#### [DIRECTIONS FOR THIS TASK]
The lines to repeat are those below from the one containing "Špičkový hotel s" down to the one containing "2025.12.09 干し柿 デイサービスで、干し柿を作りました。", both included; reproduce them exactly and nothing else.

++++ THE DATA

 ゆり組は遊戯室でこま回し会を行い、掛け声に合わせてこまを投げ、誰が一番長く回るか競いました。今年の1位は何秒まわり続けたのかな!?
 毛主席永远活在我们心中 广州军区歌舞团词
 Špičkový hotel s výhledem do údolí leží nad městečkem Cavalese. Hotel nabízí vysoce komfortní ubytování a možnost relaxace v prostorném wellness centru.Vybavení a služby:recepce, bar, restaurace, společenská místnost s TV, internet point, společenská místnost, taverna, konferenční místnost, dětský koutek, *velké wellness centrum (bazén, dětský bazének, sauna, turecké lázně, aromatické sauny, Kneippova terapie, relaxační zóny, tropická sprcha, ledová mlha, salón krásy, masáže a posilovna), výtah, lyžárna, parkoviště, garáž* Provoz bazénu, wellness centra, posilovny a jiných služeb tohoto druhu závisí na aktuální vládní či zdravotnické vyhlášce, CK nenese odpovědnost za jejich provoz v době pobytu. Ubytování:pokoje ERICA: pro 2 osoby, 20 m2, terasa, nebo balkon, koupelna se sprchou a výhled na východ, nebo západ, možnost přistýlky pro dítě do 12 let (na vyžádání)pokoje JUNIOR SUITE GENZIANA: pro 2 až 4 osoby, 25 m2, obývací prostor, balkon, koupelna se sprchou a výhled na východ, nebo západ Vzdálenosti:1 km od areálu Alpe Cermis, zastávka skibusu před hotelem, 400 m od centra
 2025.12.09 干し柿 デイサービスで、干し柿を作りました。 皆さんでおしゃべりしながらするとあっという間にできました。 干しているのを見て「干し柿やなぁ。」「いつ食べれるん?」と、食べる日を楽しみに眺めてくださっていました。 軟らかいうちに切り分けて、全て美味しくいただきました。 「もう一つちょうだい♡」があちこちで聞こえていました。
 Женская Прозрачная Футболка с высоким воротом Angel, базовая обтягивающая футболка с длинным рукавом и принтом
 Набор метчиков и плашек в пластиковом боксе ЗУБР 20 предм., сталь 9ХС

++++++++
++++ THE DATA

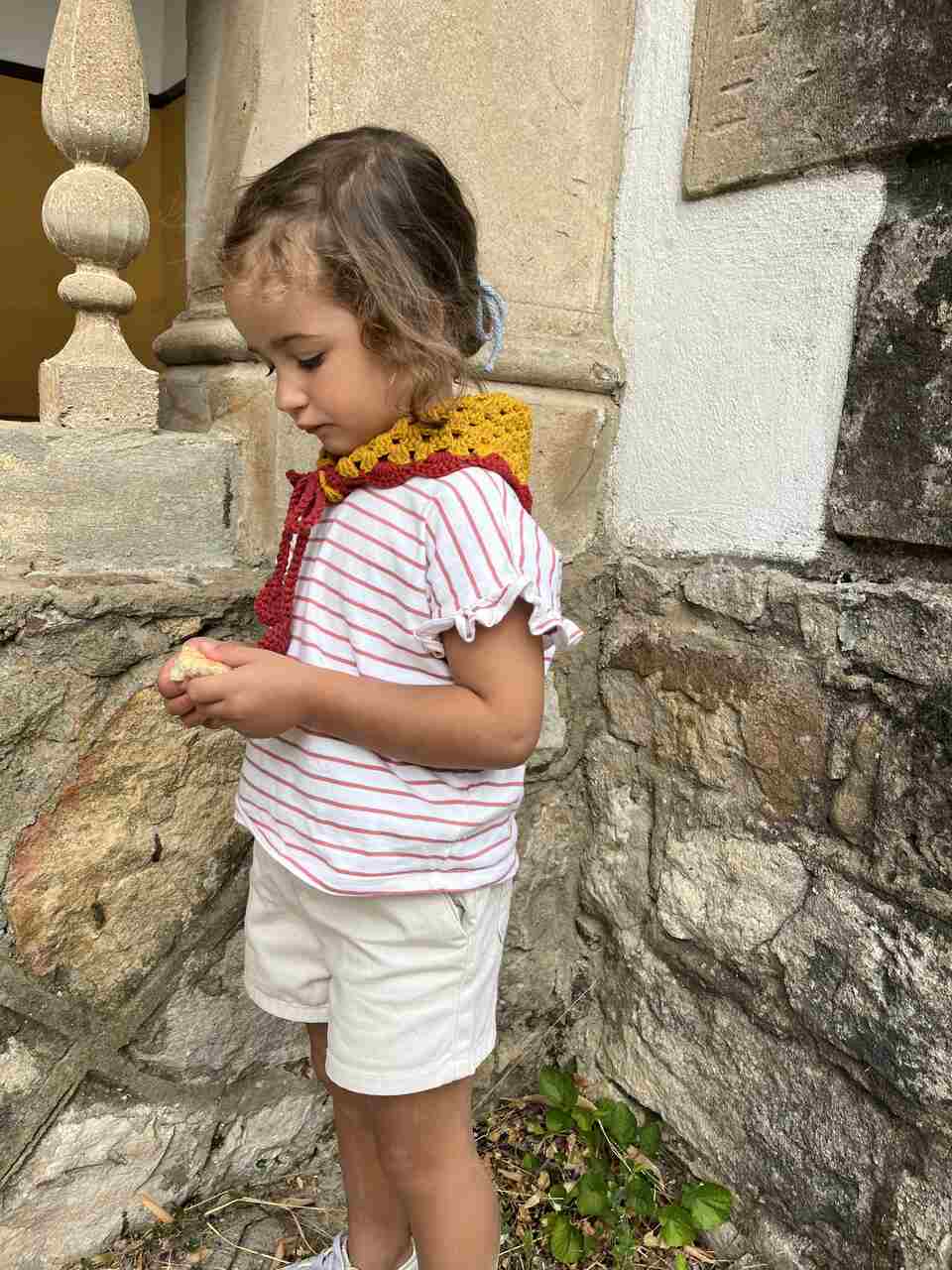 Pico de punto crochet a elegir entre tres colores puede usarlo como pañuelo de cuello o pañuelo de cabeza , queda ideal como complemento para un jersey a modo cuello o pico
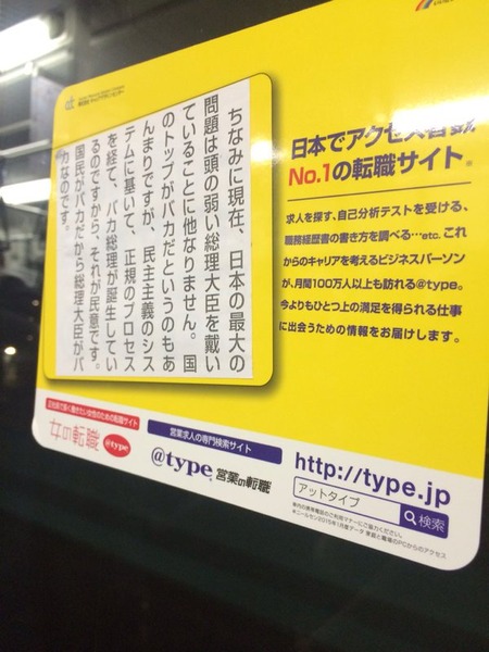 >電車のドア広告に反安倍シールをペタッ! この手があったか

++++++++
++++ THE DATA

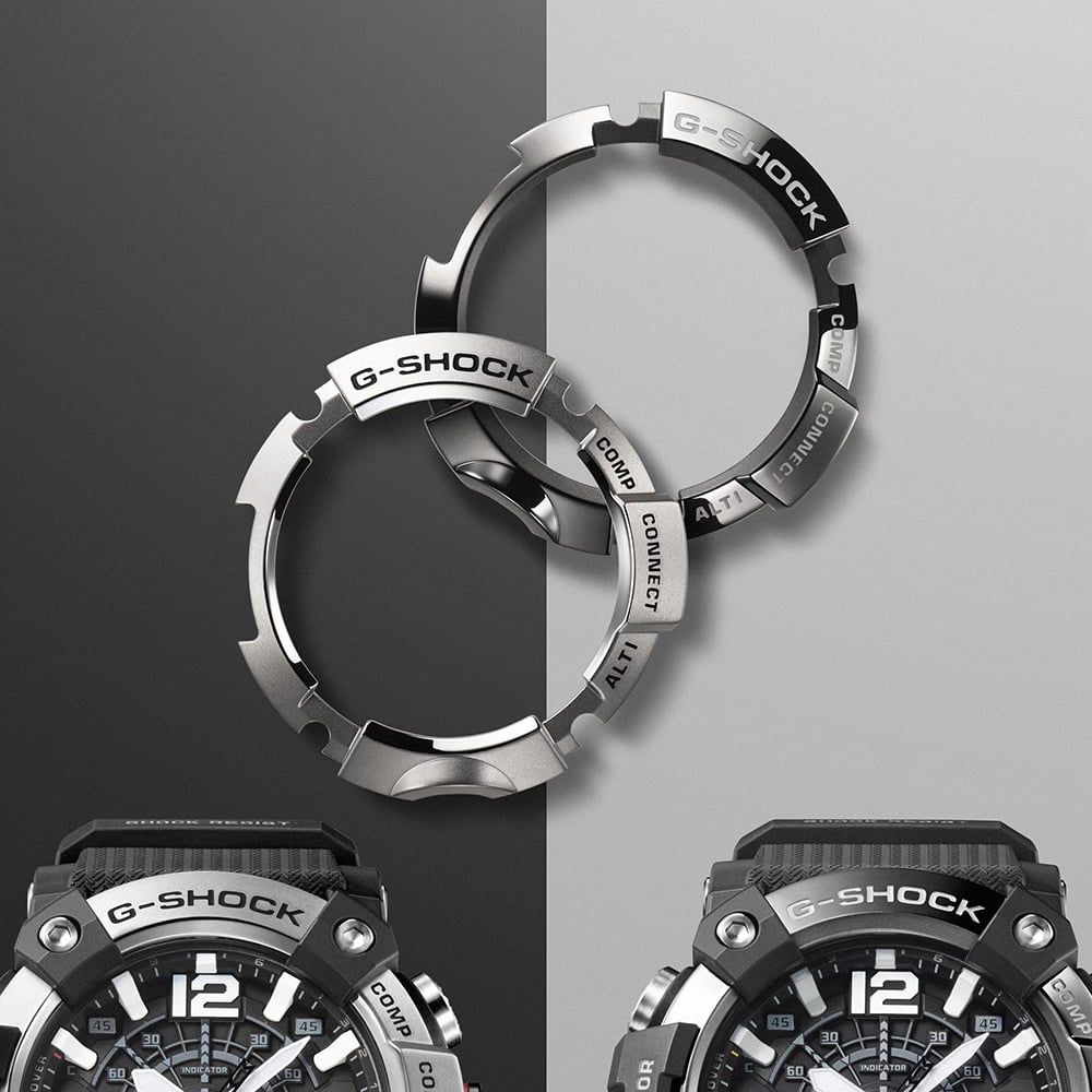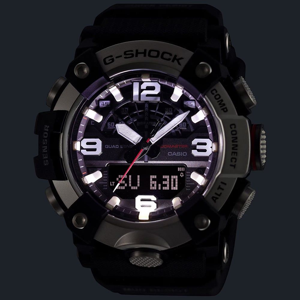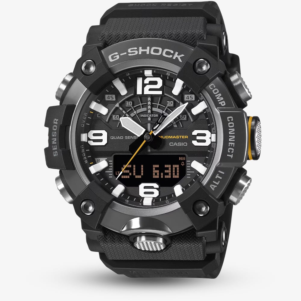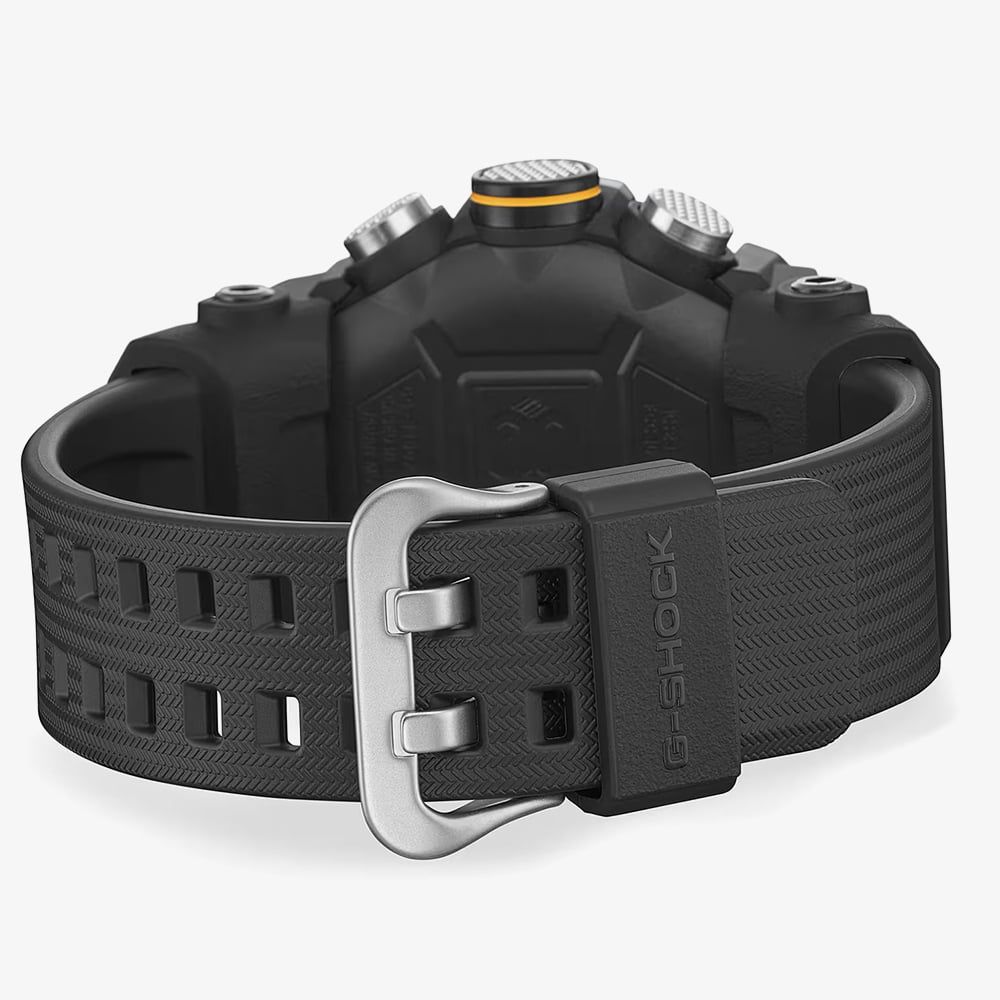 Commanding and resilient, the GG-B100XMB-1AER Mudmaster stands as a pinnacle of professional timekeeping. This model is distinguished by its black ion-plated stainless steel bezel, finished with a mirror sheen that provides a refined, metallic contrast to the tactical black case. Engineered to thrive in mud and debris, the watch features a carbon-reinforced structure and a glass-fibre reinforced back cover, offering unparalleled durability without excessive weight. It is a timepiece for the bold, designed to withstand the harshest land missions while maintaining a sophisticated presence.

++++++++

#### [OUTPUT OF THE EXERCISE]
 Špičkový hotel s výhledem do údolí leží nad městečkem Cavalese. Hotel nabízí vysoce komfortní ubytování a možnost relaxace v prostorném wellness centru.Vybavení a služby:recepce, bar, restaurace, společenská místnost s TV, internet point, společenská místnost, taverna, konferenční místnost, dětský koutek, *velké wellness centrum (bazén, dětský bazének, sauna, turecké lázně, aromatické sauny, Kneippova terapie, relaxační zóny, tropická sprcha, ledová mlha, salón krásy, masáže a posilovna), výtah, lyžárna, parkoviště, garáž* Provoz bazénu, wellness centra, posilovny a jiných služeb tohoto druhu závisí na aktuální vládní či zdravotnické vyhlášce, CK nenese odpovědnost za jejich provoz v době pobytu. Ubytování:pokoje ERICA: pro 2 osoby, 20 m2, terasa, nebo balkon, koupelna se sprchou a výhled na východ, nebo západ, možnost přistýlky pro dítě do 12 let (na vyžádání)pokoje JUNIOR SUITE GENZIANA: pro 2 až 4 osoby, 25 m2, obývací prostor, balkon, koupelna se sprchou a výhled na východ, nebo západ Vzdálenosti:1 km od areálu Alpe Cermis, zastávka skibusu před hotelem, 400 m od centra
 2025.12.09 干し柿 デイサービスで、干し柿を作りました。 皆さんでおしゃべりしながらするとあっという間にできました。 干しているのを見て「干し柿やなぁ。」「いつ食べれるん?」と、食べる日を楽しみに眺めてくださっていました。 軟らかいうちに切り分けて、全て美味しくいただきました。 「もう一つちょうだい♡」があちこちで聞こえていました。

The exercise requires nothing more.